Comment

EDITORIAL

Audit reveals stupidity of Australia's refugee detention policy

The federal government's offshore detention policy, an expedient extension of that of its Labor predecessor, not only falls far short of humanitarian and international legal standards, but of the basic financial rectitude that ought to underpin the expenditure of taxpayers' money.

The damaging and unending internment on Nauru and on Papua New Guinea's Manus Island of hundreds of vulnerable people fleeing persecution and worse is, in other words, not only immoral, but a cavalier misuse of billions of dollars of scarce public funds.

We know this because the people's financial watchdog, the Commonwealth auditor, in recent days released a report showing breaches by the government and its bureaucrats of fundamental rules governing spending.

This compounds the sheer fiscal stupidity of a policy that costs taxpayers $500,000 a year to keep a refugee – and as many as 90 per cent of the relatively small number of asylum seekers who have arrived by boat in recent years are proven to be genuine refugees – in these cruel offshore camps, as against $12,000 to process a person onshore in the community.

The Australian National Audit Office's damning assessment is that the Immigration Department has "fallen well short" of expected standards in its management of contracts for detention facilities on Manus Island and Nauru. While we do not claim corruption has occurred, the degree of ineptitude and/or recklessness uncovered creates a fertile environment for dishonesty and a lack of probity.

The debacle beggars belief. The report found that of $2.3 billion paid over 40 months, $1.1 billion was approved without appropriate authorisation.

Advertisement

A further $1.1 billion was paid with "no departmental record" of who had authorised the transfers. The watchdog concluded the contracts' lack of effective guidelines and management mechanisms stemmed in part from the "great haste" with which the detention centres were established in 2012-13.

The Department of Immigration and Border Protection even failed to inform the Australian government's self-managed insurance fund, Comcover, about a new $75 million facility in Nauru – so the building was not insured when it burnt down in a riot in 2013, within weeks of being commissioned.

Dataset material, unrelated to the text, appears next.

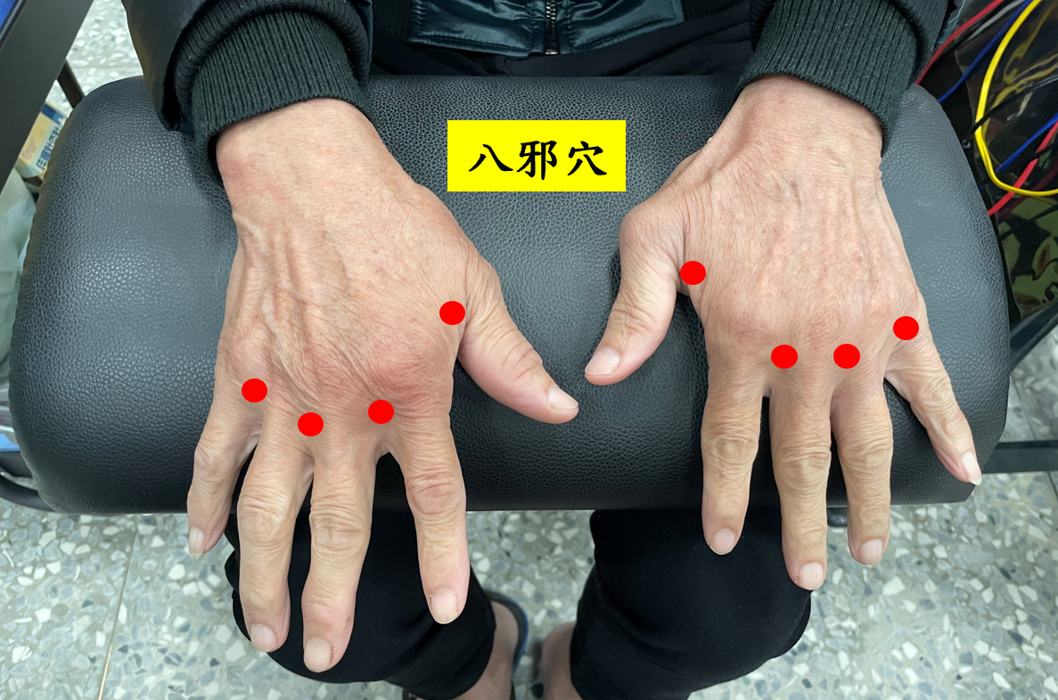 陳淑儀醫師指出,中醫將此病歸類為「痺症」、「頑痺」,認為是正氣不足,風、寒、濕、熱等邪氣侵入經絡,導致氣血運行不暢,痰瘀互結於關節,進而引發僵硬腫脹與疼痛。臨床上選用「八邪穴」作為主要治療穴位,該穴位位於手背第一至第五指間的指縫後方凹陷處,因可治療因邪氣所致的病症而得名。該穴位正好位於患處附近,能有效疏通經絡、促進血液循環,緩解關節腫脹與僵硬。

It gets worse. The audit office delivered a similarly shocking report back in September, identifying "serious and persistent deficiencies" in the department's procurement of garrison support and welfare services for the centres.

With risible understatement, the feckless department is now acknowledging on its website that "its decision-making processes in this complex and rapidly evolving environment may not have been adequately documented". Quite. And adding irony to injury, the audit itself cost taxpayers $1.5 million.

There were 871 people detained on Manus Island and 383 on Nauru at the end of November. More live now in the struggling Nauruan community. They should all be brought to Australia, where they can be processed quickly and safely.

In any case, Papua New Guinea's highest court almost a year ago declared the Manus Island centre unconstitutional, so the situation is unsustainable. The refugee issue is difficult and complex; were there a ready solution it would have been implemented long ago.

Preventing people from perishing at sea is a noble aim. Well-resourced regional processing centres should be set up, removing the incentive to get on boats. The situation will be mitigated, but not solved, should incoming US President Donald Trump uphold an agreement for his nation to accept some of the refugees. But our government must shut these disgraceful centres.